BEGIN EXERCISE DATA

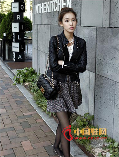 黑色皮衣與碎花裙的組合經久不衰,絲襪與平底鞋讓你可以舒服的一邊逛街一邊展現美腿。
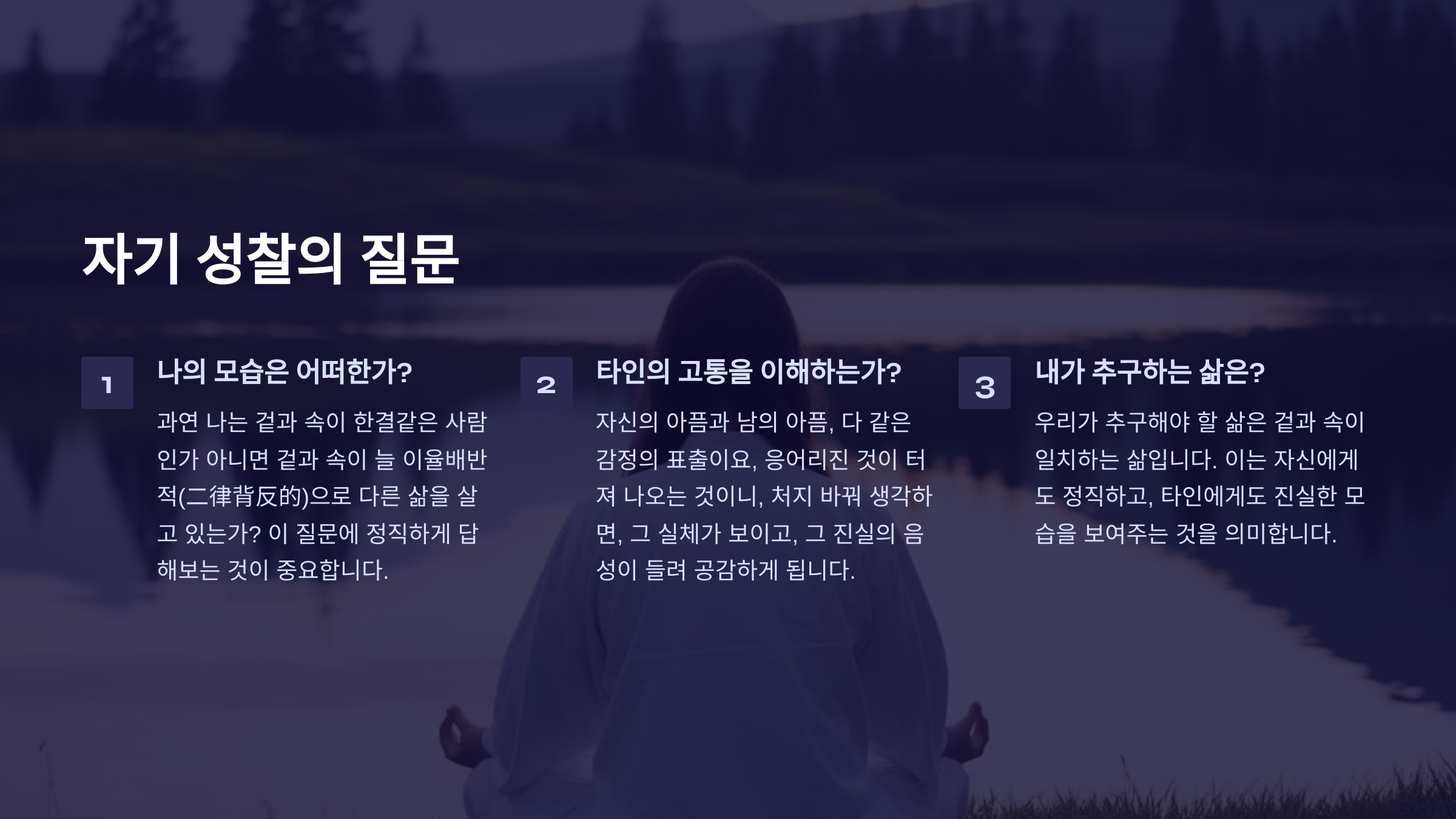 오늘 하루, 나는 겉과 속이 다른 모습을 하고 있지는 않은지 스스로에게 질문해 보는 것은 어떨까요? 이 구절의 가르침을 통해 우리는 더욱 성숙하고 행복한 삶을 살 수 있을 것이다.
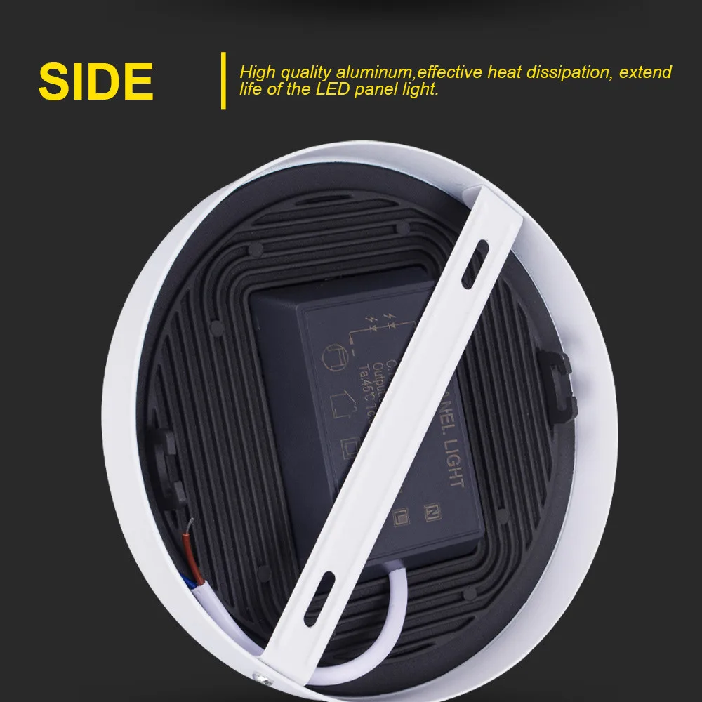 Ультра Поверхностная панель света с черным тепловым радиаторомМатериал:Литье под давлением алюминия, PS LGP, круглой или квадратной формы.Источник света:4014SMD 0,2 W RA>70 24-26LMИсточник питания:Ультра тонкая изоляция PF> 0,5,Напряжение: 85-265 в

END EXERCISE DATA

_PROBLEM DETAILS_. An exact transcription of the listing is required, and it must contain no pictures.

_RESULT OF THIS TASK_.
 黑色皮衣與碎花裙的組合經久不衰,絲襪與平底鞋讓你可以舒服的一邊逛街一邊展現美腿。
 오늘 하루, 나는 겉과 속이 다른 모습을 하고 있지는 않은지 스스로에게 질문해 보는 것은 어떨까요? 이 구절의 가르침을 통해 우리는 더욱 성숙하고 행복한 삶을 살 수 있을 것이다.
 Ультра Поверхностная панель света с черным тепловым радиаторомМатериал:Литье под давлением алюминия, PS LGP, круглой или квадратной формы.Источник света:4014SMD 0,2 W RA>70 24-26LMИсточник питания:Ультра тонкая изоляция PF> 0,5,Напряжение: 85-265 в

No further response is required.